Kató Lomb was a Hungarian interpreter, translator, language genius and one of the first simultaneous interpreters of the world. Originally she graduated in physics and chemistry, but her interest soon led her to languages. Native in Hungarian, she was able to interpret fluently in nine or ten languages, and she translated technical literature and read belles-lettres in six languages. She was able to understand journalism in further eleven languages. As she put it, altogether she earned money with sixteen languages - Bulgarian, Chinese, Danish, English, French, German, Hebrew, Italian, Japanese, Latin, Polish, Romanian, Russian, Slovak, Spanish, Ukrainian. She learned these languages mostly by self-effort. Her aims to acquire these languages were most of all practical, to satisfy her interest.
According to her own account, her long life was highlighted not primarily by the command of languages but the actual study of them. Through her books, interviews, and conversations, she tried to share this joy of studying languages with generations. As an interpreter, she visited all five continents, saw forty countries, and reported about her experiences and adventures in a separate book “An interpreter around the world.”
Harold Williams was a New Zealand journalist, foreign editor of The Times and polyglot who is considered to have been one of the most accomplished polyglots in history, said to have known over 60 languages and other related dialects. He taught himself Latin, Ancient Greek, Hebrew, French, German, Spanish, Italian, Māori, Samoan, Tongan, Fijian, and other Polynesian languages when he was only eleven years old! He sat for his BA at Auckland University, but failed because of an inability to sufficiently master mathematics.

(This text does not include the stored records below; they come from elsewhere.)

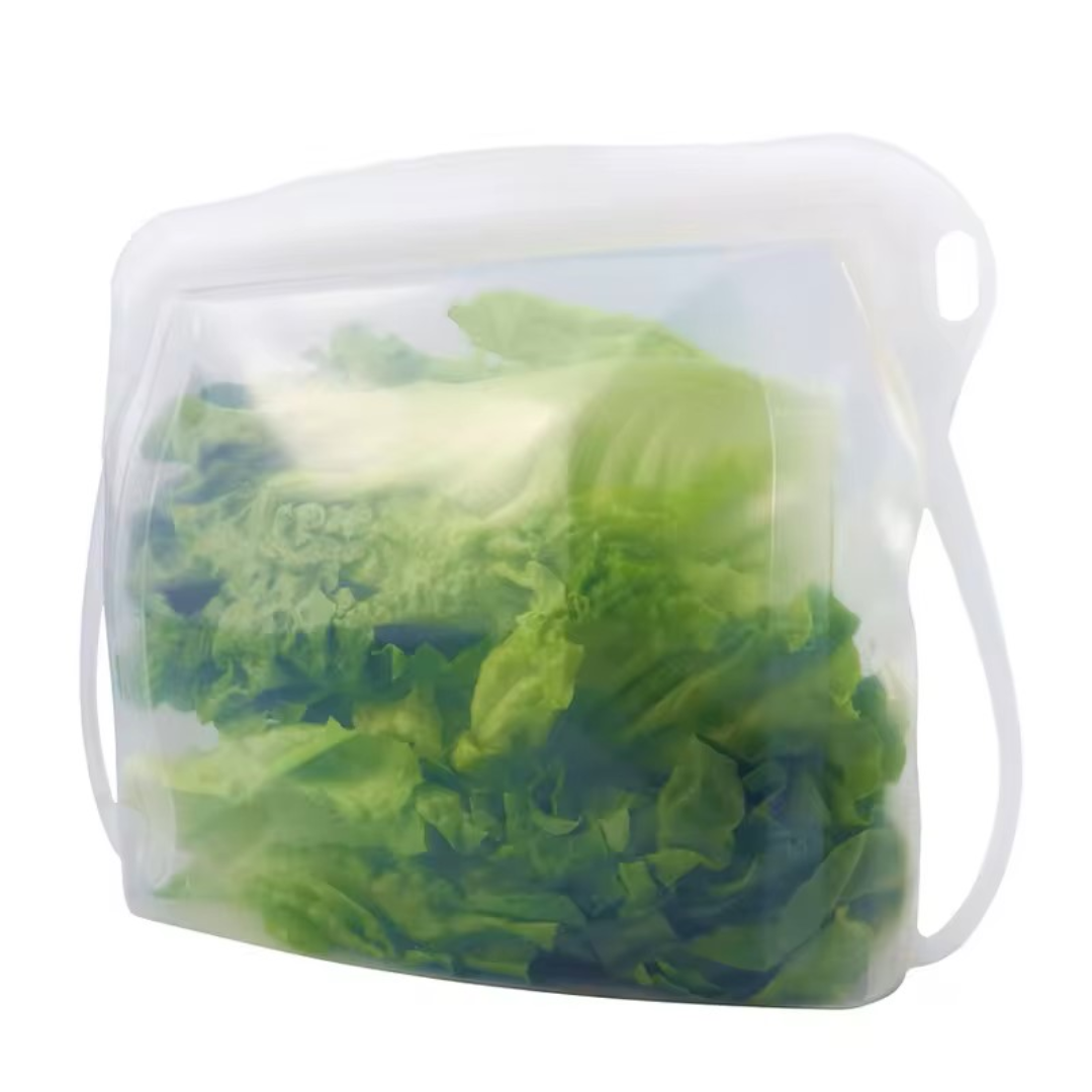 Pungă din silicon alimentar, 1L, transparentă, pentru depozitarea ecologică a alimentelor, cu închidere ermetică.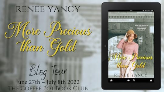 Today I’m delighted to be sharing an excerpt from Renee Yancy’s recently released novel More Precious Than Gold as part of a blog tour hosted by The Coffee Pot Book Club. More Precious Than Gold is the second book in The Hearts of Gold trilogy.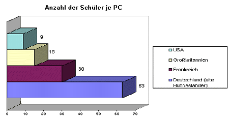 Die Förderung kommunikationstechnischer Grundbildung und die Ausbildung von Fähigkeiten zur inhaltlichen und - in einem ganzheitlichen Sinne - auch emotionalen, sozialen und psychischen Bewältigung der Informationsflut des Internet, muß im Bildungswesen mehr Gewicht erhalten. In anderen Staaten wurde der strukturelle Einfluß, den Medien auf Individuum und Gesellschaft haben, schon frühzeitig erkannt. Die Förderung von Medienkompetenz kann bereits im Elementarbereich beginnen. So übten in Japan schon 1990 in Kindertagesstätten speziell geschulte Erzieherinnen mit den Kindern fernsehen, während 1987 die deutschen Jugendminister und Senatoren (8) noch verfügten, daß Computer und Videospiele im Kindergarten [nicht] eingesetzt werden." Diese Direktive beruhte damals auf der Einschätzung, daß Kindern aufgrund ihrer kognitiven Entwicklung eine Differenzierung der erlebten Sehinhalte nicht möglich sei, und zeigt auch heute noch Wirkung. Bereits durch diesen kurzen Rückblick wird deutlich, wie sehr politische Rahmenbedingungen die konkrete Ausgestaltung medienpädagogischer Inhalte beeinflußt. Auch das 1996 gestartete Projekt Schulen ans Netz (9) ist ein Beispiel für medien- und bildungspolitische Top-Down-Implementierung. Diese, von der Bundesregierung so bezeichnete, Bildungsoffensive kann nur einen ersten zaghaften Schritt darstellen. Denn die Aus- und Fortbildung von Lehrern würde zwar flächendeckend benötigt, erfolgt bisher aber nur punktuell in Form einzelner Modellversuche. Das Konzept Orientierungsrahmen Medienerziehung in der Schule (10) der Bund-Länder-Kommission für Bildungsplanung und Forschungsförderung gibt die Verantwortung für die Ausgestaltung an die Länder weiter. Mit der Initiative Schulen ans Netz hat das BMBF, zusammen mit der Deutschen Telekom AG und dem DFN-Verein(11) (Deutsches Forschungsnetz) den beteiligten Schulen die Anschaffung von Hardware ermöglicht und Zugang zu den Netzen verschafft. Doch diese Investitionen (20 Mio. DM jährlich) stehen bislang noch in keinem Verhältnis zu den Aufwendungen für die Anbindung von Schulen im Rahmen der amerikanischen NII oder zu den Aufwendungen bei europäischen Nachbarländern.

John Ronald Reuel Tolkien was an English writer, poet, philologist, and university professor, best known as the author of the classic high fantasy works “The Hobbit,” “The Lord of the Rings,” and “The Silmarillion.” Both Tolkien’s academic career and his literary production are inseparable from his love of language and philology. He was fluent in 13, yet knew 12 other languages, not including his self-constructed languages.
Ziad Youssef Fazah is a Lebanese polyglot who claims to speak 59 languages and maintains that he has proved this in several television shows, where he has successfully communicated with native speakers of a large number of foreign languages. He is considered the world’s greatest polyglot by the 1993 UK edition of the Guinness Book of Records. He works as a private teacher of languages in Rio de Janeiro, Brazil.
Polyglots claim that any person with average abilities can master 5-6 languages during the lifetime. One only needs motivation, strong will, and courage. The tips that can help polyglot-beginners are the following: study regularly, always carry a pad and a pen with you, practice whenever possible, read as much as possible even if you don’t understand everything, and use every spare minute for revising the language. At one of the linguistic congresses he greeted the audience in 50 languages.
Ø 2) Scan the names typed in bold and say who of them you would like to read about.
Ø 3) Find the terms relating to the topic “languages” in the text.
Ø 4) Debate the statement “Any person with average abilities can master 5-6 languages during the lifetime.”
Ø 5) Develop the tips for polyglot-beginners suggested in the last paragraph of the text.